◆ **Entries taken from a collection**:
★ ★ ★

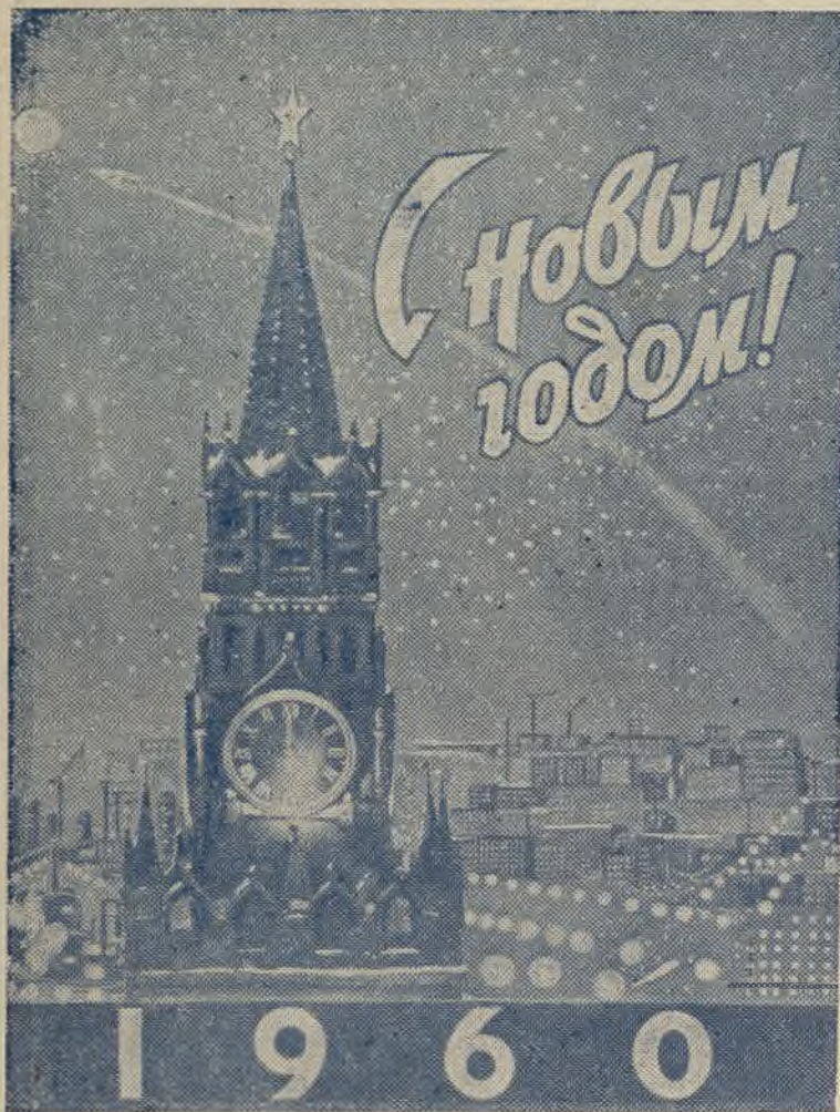
Фотомонтаж художника А. Перельмана.
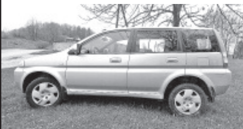
На аукционе HONDA HR-V.

Вайвараское волостное управление проводит письменный аукцион по продаже автомобиля HONDA HR-V. HONDA HR-V рег. номер 359 ASV, автомобиль, универсал, первичная регистрация - 2004, пробег 202723, двигатель 1590 см 3 , мощность двигателя: 77 kW, бензин, мануал, четыре ведущих. Начальная цена - 2500 евро. С условиями аукциона можно ознакомиться на домашней странице волости: vaivara.ee. Для участия в аукционе необходимо уплатить залог в сумме 200 (двести) евро
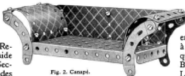
Fig. 2. Canapé.
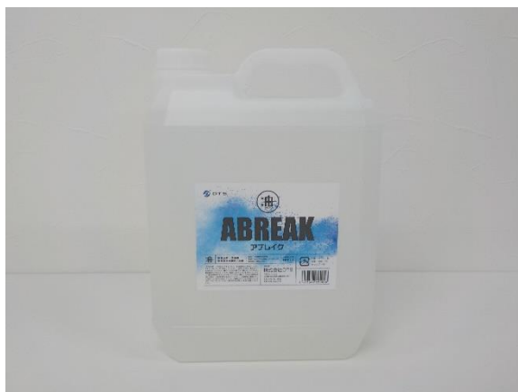
※アブレイク本体(原液)
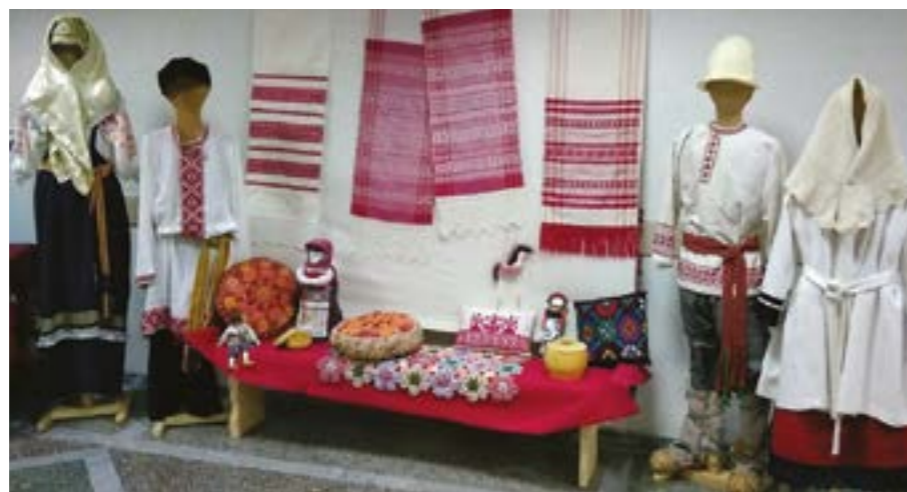
Выставка изделий мастеров ЦДПИиР в ДК «Звёздный». пос. Новый. 2019 г.
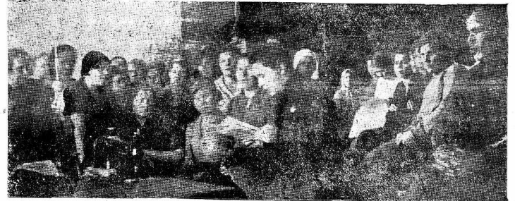
На снимке: Рабочие швейной фабрики им. Карла Дегтяря на митинге, посвященном декабрьскому Пленуму ЦК ВКП(б) во время обеденного перерыва 27 декабря.
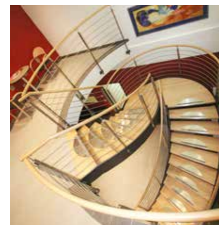
Moderne Flachstahlwängentreppe mit Stufen in Ahorn und geschwungenem Edelstahl-Reelingsgeländer

Treppenqualität auf höchster Stufe, das ist der Anspruch von Arktic-Treppen. Das umfangreiche Lieferprogramm enthält eine Vielzahl unterschiedlichster Modelle.
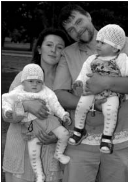
Vēršu ģimenes bilde
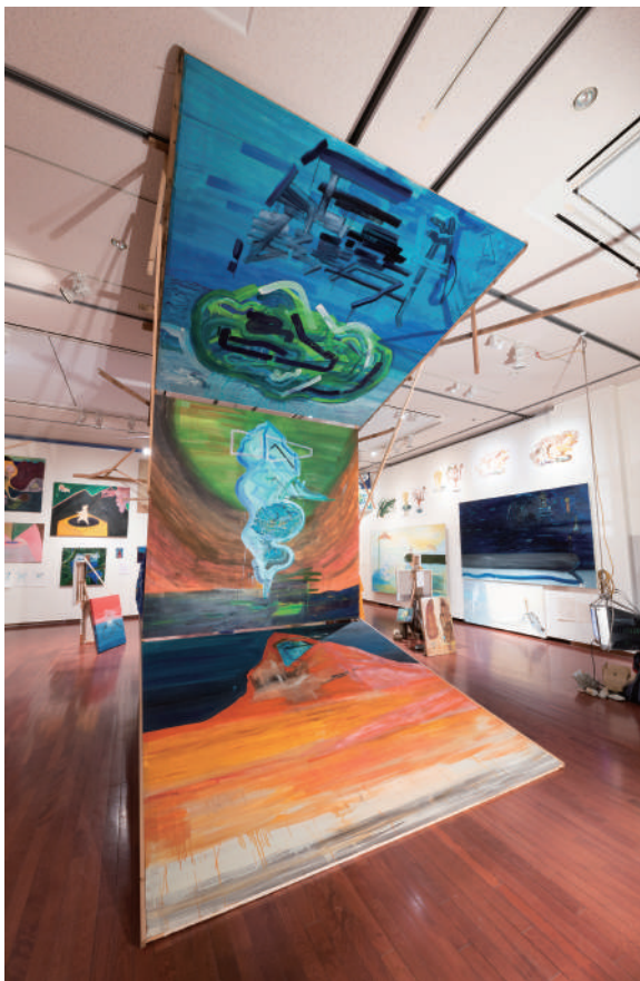
《Neo New シン木》 Neo New Shin Ki 2021 / インスタレーション 2021, installation
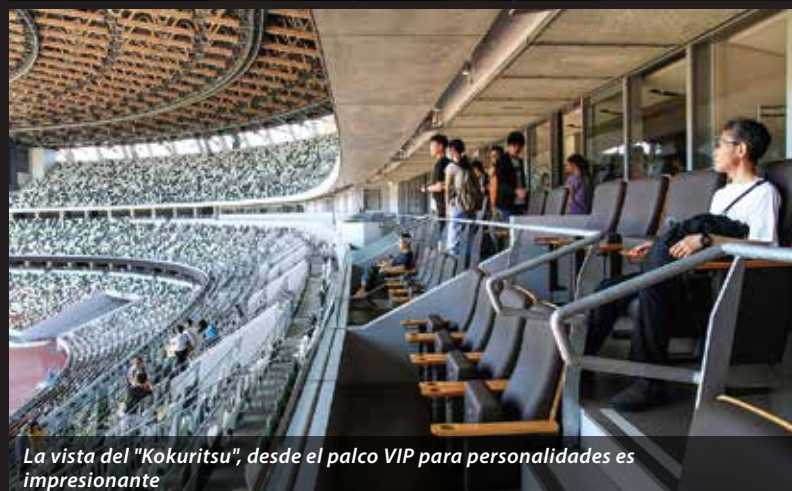
La vista del "Kokuritsu", desde el palco VIP para personalidades es impresionante

★ ★ ★

◆ **EXERCISE DIRECTIONS**:
Only an exact copy of the entries, with no pictures, is expected as the answer.

◆ **RESULT OF THIS EXERCISE**:
Фотомонтаж художника А. Перельмана.
На аукционе HONDA HR-V.

Вайвараское волостное управление проводит письменный аукцион по продаже автомобиля HONDA HR-V. HONDA HR-V рег. номер 359 ASV, автомобиль, универсал, первичная регистрация - 2004, пробег 202723, двигатель 1590 см 3 , мощность двигателя: 77 kW, бензин, мануал, четыре ведущих. Начальная цена - 2500 евро. С условиями аукциона можно ознакомиться на домашней странице волости: vaivara.ee. Для участия в аукционе необходимо уплатить залог в сумме 200 (двести) евро
Fig. 2. Canapé.
※アブレイク本体(原液)
Выставка изделий мастеров ЦДПИиР в ДК «Звёздный». пос. Новый. 2019 г.
На снимке: Рабочие швейной фабрики им. Карла Дегтяря на митинге, посвященном декабрьскому Пленуму ЦК ВКП(б) во время обеденного перерыва 27 декабря.
Moderne Flachstahlwängentreppe mit Stufen in Ahorn und geschwungenem Edelstahl-Reelingsgeländer

Treppenqualität auf höchster Stufe, das ist der Anspruch von Arktic-Treppen. Das umfangreiche Lieferprogramm enthält eine Vielzahl unterschiedlichster Modelle.
Vēršu ģimenes bilde
《Neo New シン木》 Neo New Shin Ki 2021 / インスタレーション 2021, installation
La vista del "Kokuritsu", desde el palco VIP para personalidades es impresionante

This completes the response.